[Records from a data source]
::::::::::
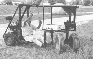 The picker is powered by an electric start, 3 1/2 hp Briggs & Stratton gas engine mounted on back and has three speeds forward and one reverse. Gears are shifted with an overhead connecting linkage. The clutch is centrifugal, so the amount of acceleration applied regulates travel speed. The rig steers electronically via a toggle switch. Pushing the switch one way steers the rig to the left, and pushing the switch the other way steers it to the right. A small electric motor drives a small sprocket which in turn actuates a larger sprocket via a link chain to turn the front wheels. Both the front and back wheels are spaced 28 in. apart.
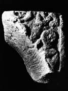A (broad): The edge moulding is flat and survives only on the right-hand side. Within the panel on the right are the remains of the upper half of a human figure with domed brow, pointed chin, and incised facial features in a single line. One shoulder and an arm remain, the hand holding a tapering object. On the left is part of another head.
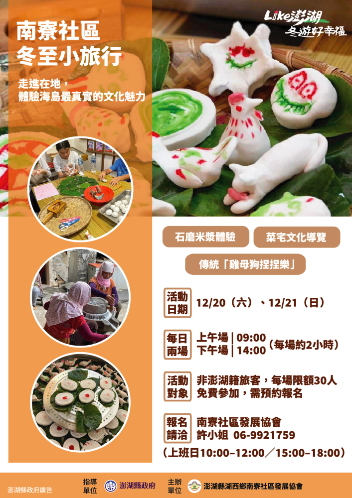 活動於12月20日、21日兩天,每日分上、下午兩場(上午9時及下午2時各一場),每場約2小時,限額30人,免費參加,採預約報名,額滿為止。本次活動特別開放給非澎湖籍旅客(報到時須出示身分證),讓外地朋友能親身感受澎湖冬至民俗的節慶氛圍,並深入體驗社區的人文風貌與永續智慧。報名請於上班時間(上班日10:00-12:00;15:00-18:00)洽南寮社區發展協會許小姐,電話:06-9921759。
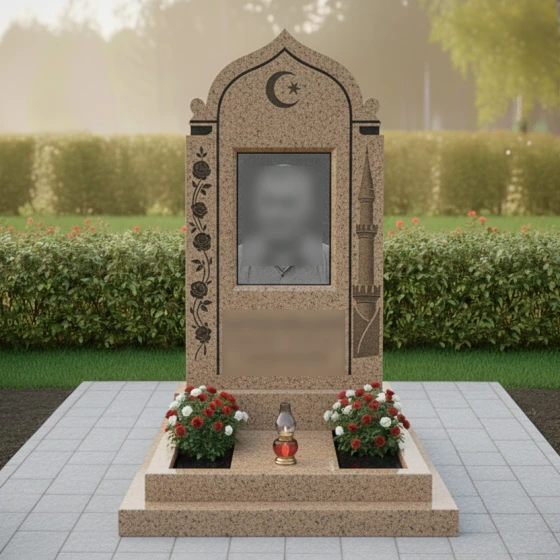 Кому подойдет: Данная модель является универсальным решением для оформления женского или семейного захоронения в мусульманской традиции. Благодаря сочетанию флористических мотивов (розы) и религиозной символики, она идеально подходит для выражения любви и глубокого уважения к матери, супруге или дочери. Это выбор тех, кто ценит эстетическую завершенность, надежность конструкции и желает увековечить память о близком человеке в форме, лишенной суеты и случайных деталей.
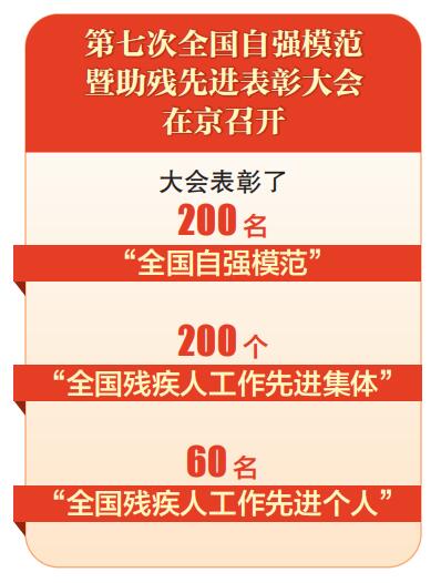 第七次全國自強模范暨助殘先進表彰大會16日在北京人民大會堂召開。200名全國自強模范、200個全國殘疾人工作先進集體和60名全國殘疾人工作先進個人受到表彰。
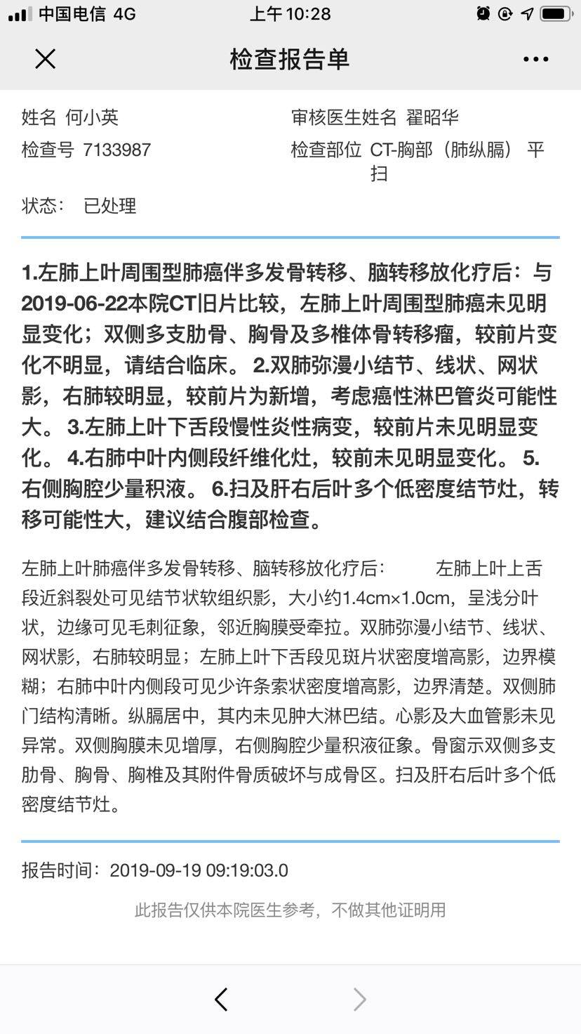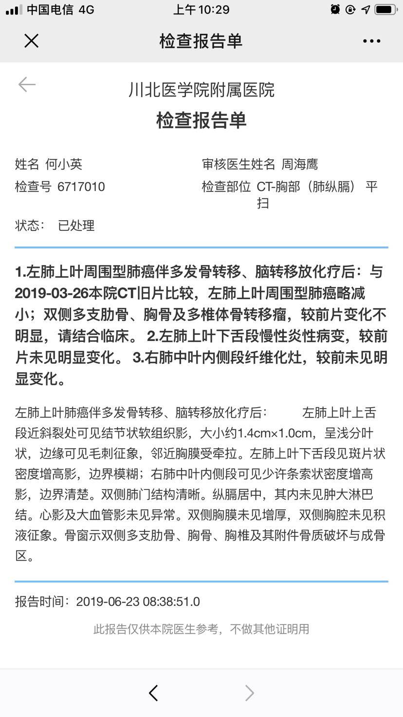 妈妈患肺癌已经有三年了,这三年来一直在接受治疗到现在,下面是妈妈检查以及治疗的过程。2010年10月,妈妈体检出肺癌IV期,纵隔淋巴转移,肝部转移,去省肿瘤医院复查,做了PET-CT,结果一样,省肿瘤
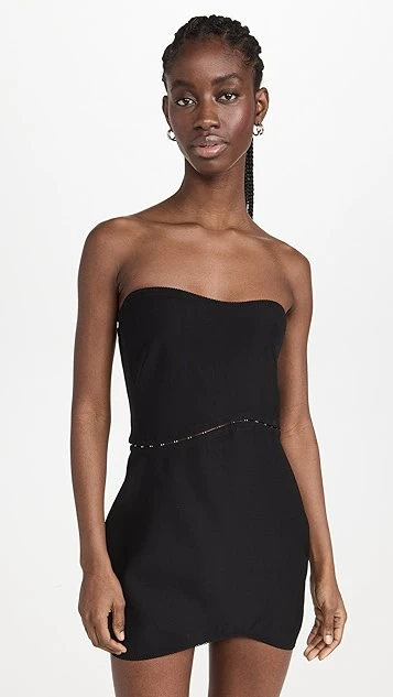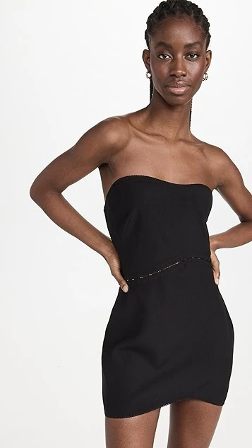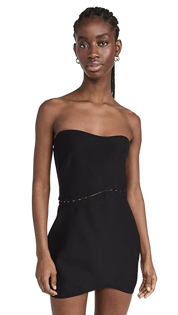 - Asymmetrical strapless neckline
::::::::::
■ Task objective
Print, please, exactly the lines from the one holding "Кому подойдет: Данная" through the final line of the data, both included, while leaving out each picture.

■ Result below
 Кому подойдет: Данная модель является универсальным решением для оформления женского или семейного захоронения в мусульманской традиции. Благодаря сочетанию флористических мотивов (розы) и религиозной символики, она идеально подходит для выражения любви и глубокого уважения к матери, супруге или дочери. Это выбор тех, кто ценит эстетическую завершенность, надежность конструкции и желает увековечить память о близком человеке в форме, лишенной суеты и случайных деталей.
 第七次全國自強模范暨助殘先進表彰大會16日在北京人民大會堂召開。200名全國自強模范、200個全國殘疾人工作先進集體和60名全國殘疾人工作先進個人受到表彰。
 妈妈患肺癌已经有三年了,这三年来一直在接受治疗到现在,下面是妈妈检查以及治疗的过程。2010年10月,妈妈体检出肺癌IV期,纵隔淋巴转移,肝部转移,去省肿瘤医院复查,做了PET-CT,结果一样,省肿瘤
 - Asymmetrical strapless neckline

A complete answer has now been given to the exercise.